In some possible implementations, according to the feature vector of each document to be clustered in the (N-K) documents to be clustered and the characteristics of each document to be clustered in the K documents to be clustered vector, the second clustering is performed on the (N-K) documents to be clustered, so as to fuse the (N-K) documents to be clustered into the M clusters, and the processor 502 is specifically configured to execute Do the following:

In some possible implementations, according to the co-citation similarity between any two documents to be clustered, the N documents to be clustered are clustered for the first time to obtain M clusters In one aspect, the processor 502 is specifically configured to perform the following operations:

Specifically, the transceiver 501 may be the transceiver unit 401 of the document clustering apparatus 400 of the embodiment described in FIG. 4 , and the processor 502 may be the processing unit 402 of the document clustering apparatus 400 of the embodiment described in FIG. 4 . .

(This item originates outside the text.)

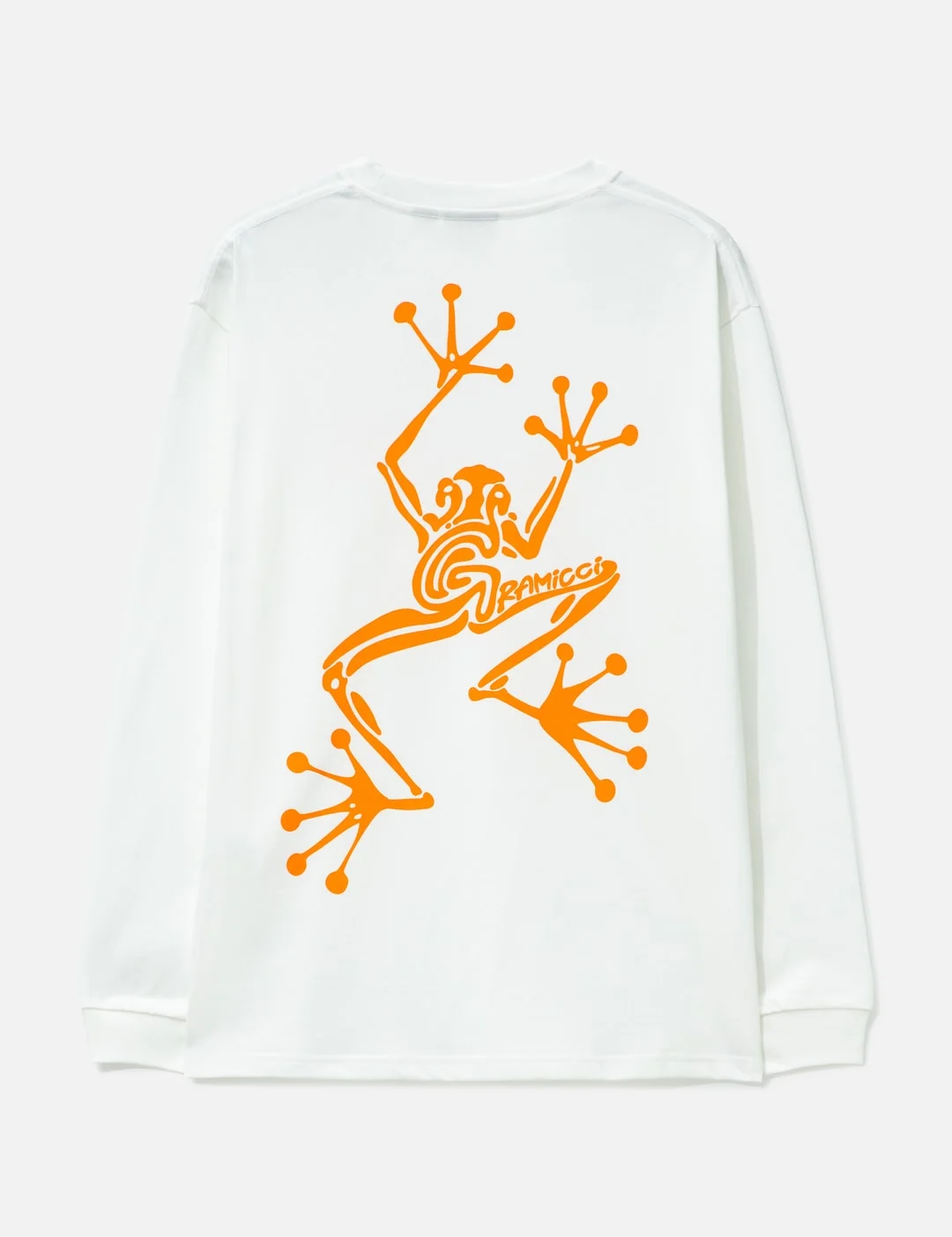 - Gramicci - Sticky Hands Long Sleeves T-Shirt - Regular fit - Made of cotton - Ribbed crewneck and cuffs - Long sleeves - Frog graphic print on front and back - Color: White - Material: 100% Cotton - See more LS T-Shirts, T-Shirts and Clothing - Model wears size M - Model measures: Height 186cm, Chest 34”/86cm, Waist 28”/71cm, Hip 36”/91cm - Vendor Code: G6SU-T108

It should be understood that the document clustering device in this application can include smart phones (such as Android mobile phones, iOS mobile phones, Windows Phone mobile phones, etc.), tablet computers, handheld computers, notebook computers, mobile Internet Devices MID (Mobile Internet Devices, referred to as: MID). ) or wearable devices, etc. The above-mentioned document clustering apparatus is only an example, rather than an exhaustive list, including but not limited to the above-mentioned electronic equipment. In practical applications, the above-mentioned document clustering apparatus may further include: intelligent vehicle-mounted terminals, computer equipment, and the like.

Embodiments of the present application further provide a computer (readable) storage medium, where a computer program is stored in the computer-readable storage medium, and the computer program is executed by a processor to implement any one of the documents described in the foregoing method embodiments Some or all of the steps of the clustering method.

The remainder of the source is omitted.